(Beginning of DATA SUPPLIED)

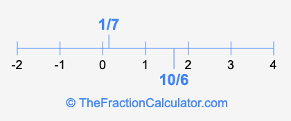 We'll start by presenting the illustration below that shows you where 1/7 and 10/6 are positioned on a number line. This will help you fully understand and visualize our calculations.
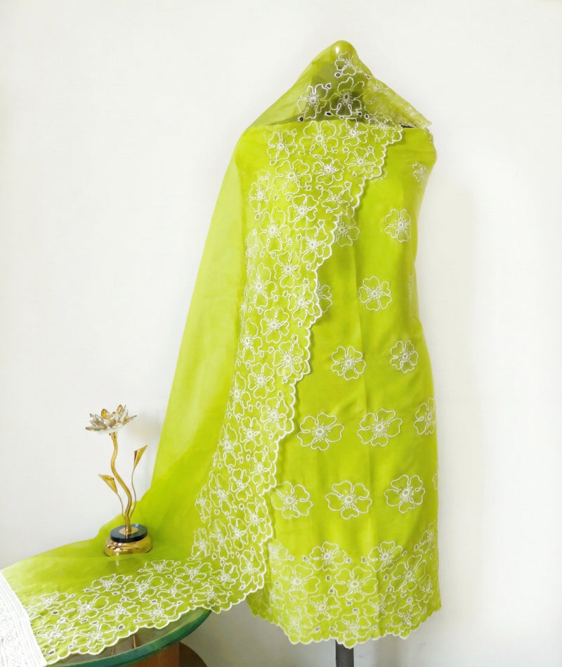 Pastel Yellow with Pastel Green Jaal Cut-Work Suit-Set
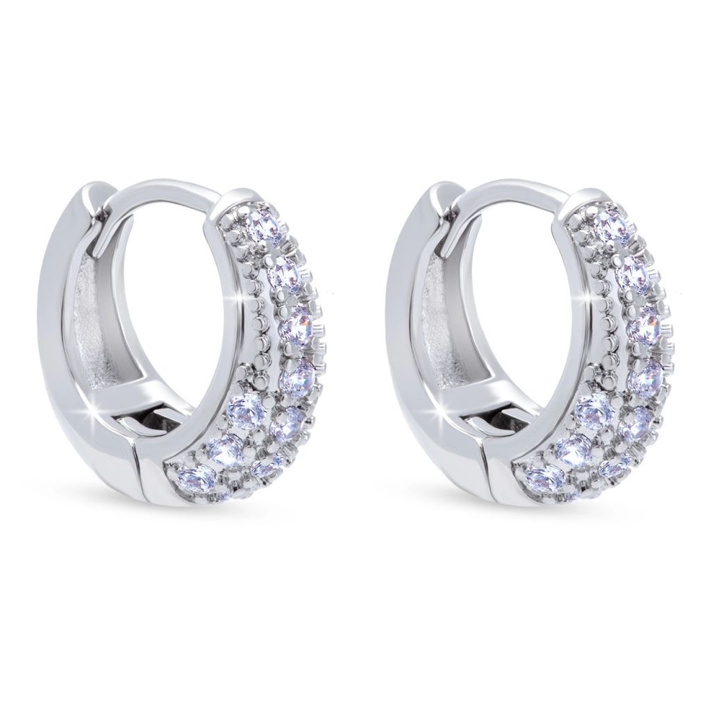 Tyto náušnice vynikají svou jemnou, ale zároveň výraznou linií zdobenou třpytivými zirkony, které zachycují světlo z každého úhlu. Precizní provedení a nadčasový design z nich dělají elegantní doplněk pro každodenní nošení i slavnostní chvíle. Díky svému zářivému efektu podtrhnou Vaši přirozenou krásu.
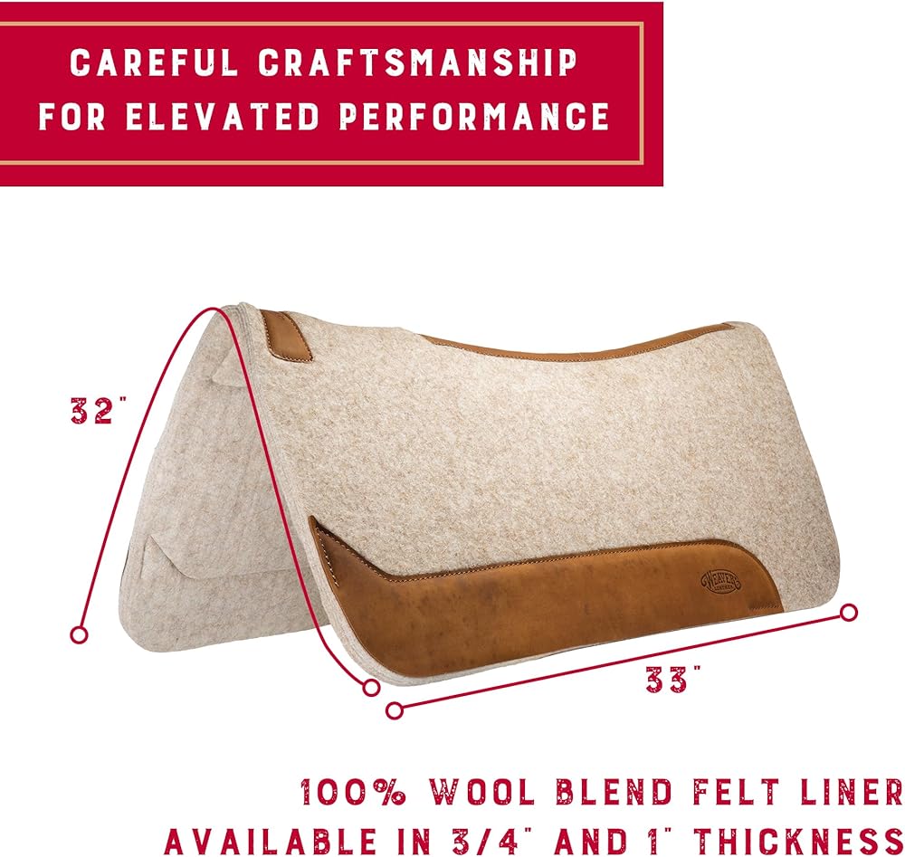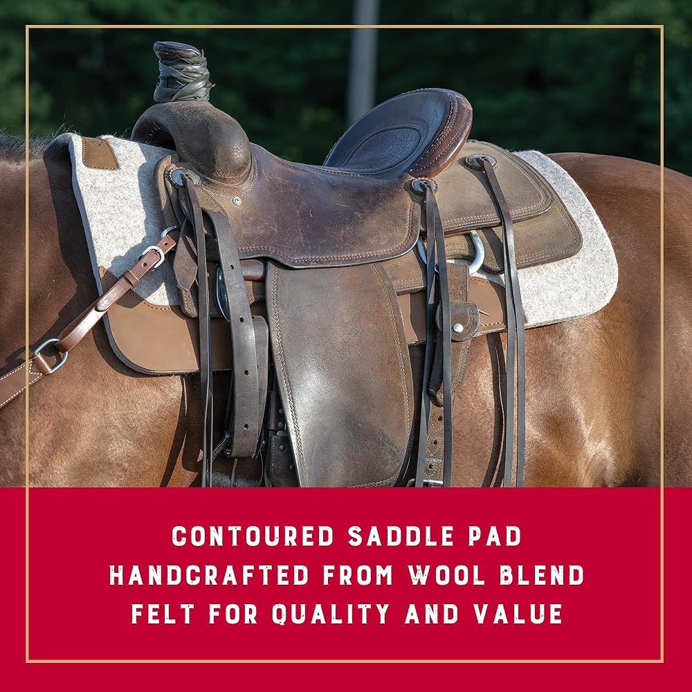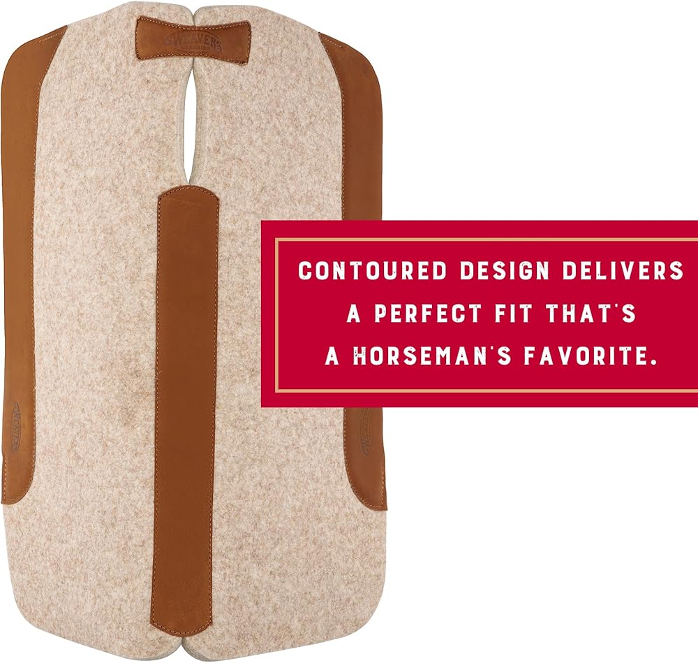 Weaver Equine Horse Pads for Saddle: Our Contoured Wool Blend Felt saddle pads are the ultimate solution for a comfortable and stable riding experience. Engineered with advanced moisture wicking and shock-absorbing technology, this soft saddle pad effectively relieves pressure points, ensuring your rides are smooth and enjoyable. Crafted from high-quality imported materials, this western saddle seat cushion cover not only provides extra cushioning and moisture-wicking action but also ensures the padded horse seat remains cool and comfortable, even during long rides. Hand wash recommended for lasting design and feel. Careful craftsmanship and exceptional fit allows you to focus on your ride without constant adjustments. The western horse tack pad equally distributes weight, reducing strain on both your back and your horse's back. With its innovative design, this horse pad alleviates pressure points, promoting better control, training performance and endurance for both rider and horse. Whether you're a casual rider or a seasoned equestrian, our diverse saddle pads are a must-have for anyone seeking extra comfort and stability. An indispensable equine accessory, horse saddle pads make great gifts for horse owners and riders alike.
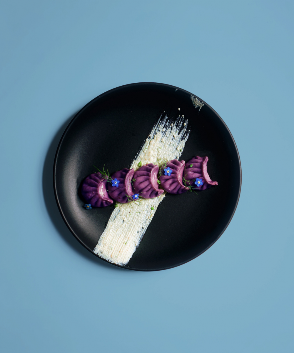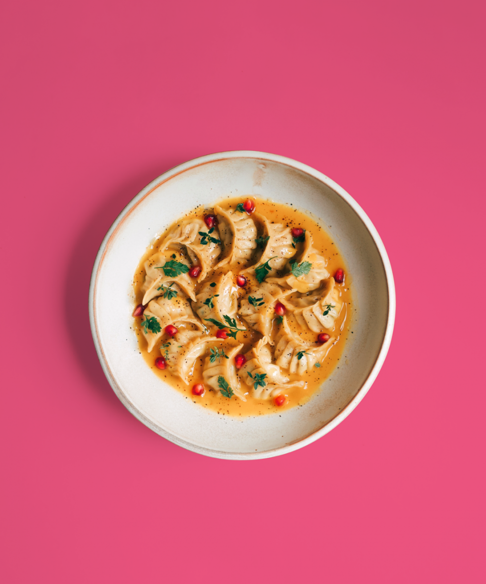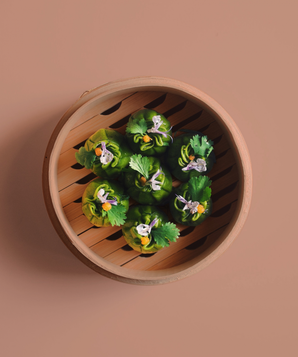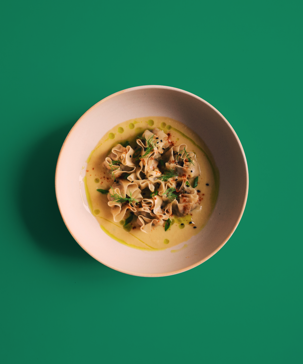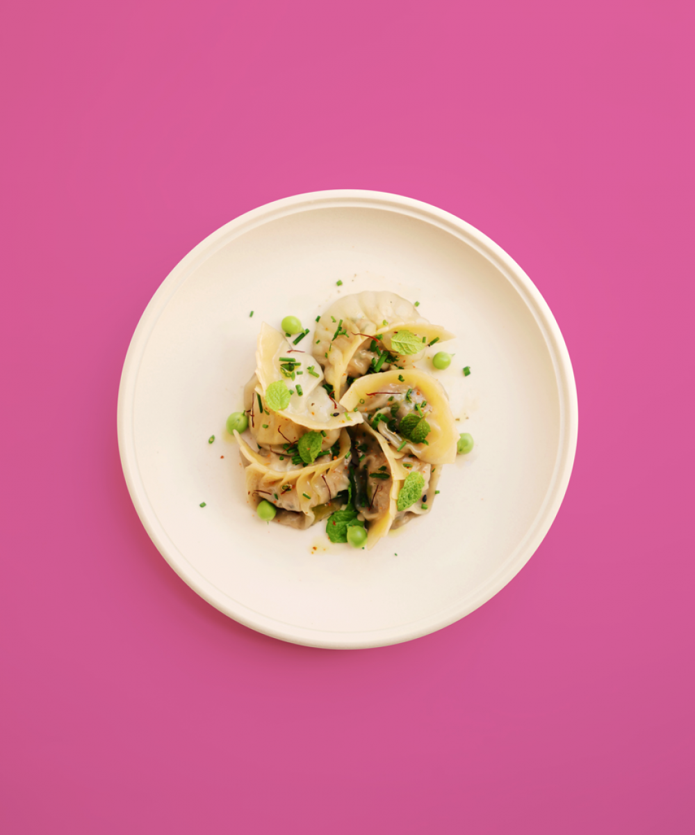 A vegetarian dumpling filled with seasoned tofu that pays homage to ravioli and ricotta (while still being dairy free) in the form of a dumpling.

(End of DATA SUPPLIED)

WHAT THIS TASK INVOLVES:
No picture is to be printed. Output exactly the lines above from the line containing "Pastel Yellow with" through the line containing "Tyto náušnice vynikají".

TASK SOLUTION:
 Pastel Yellow with Pastel Green Jaal Cut-Work Suit-Set
 Tyto náušnice vynikají svou jemnou, ale zároveň výraznou linií zdobenou třpytivými zirkony, které zachycují světlo z každého úhlu. Precizní provedení a nadčasový design z nich dělají elegantní doplněk pro každodenní nošení i slavnostní chvíle. Díky svému zářivému efektu podtrhnou Vaši přirozenou krásu.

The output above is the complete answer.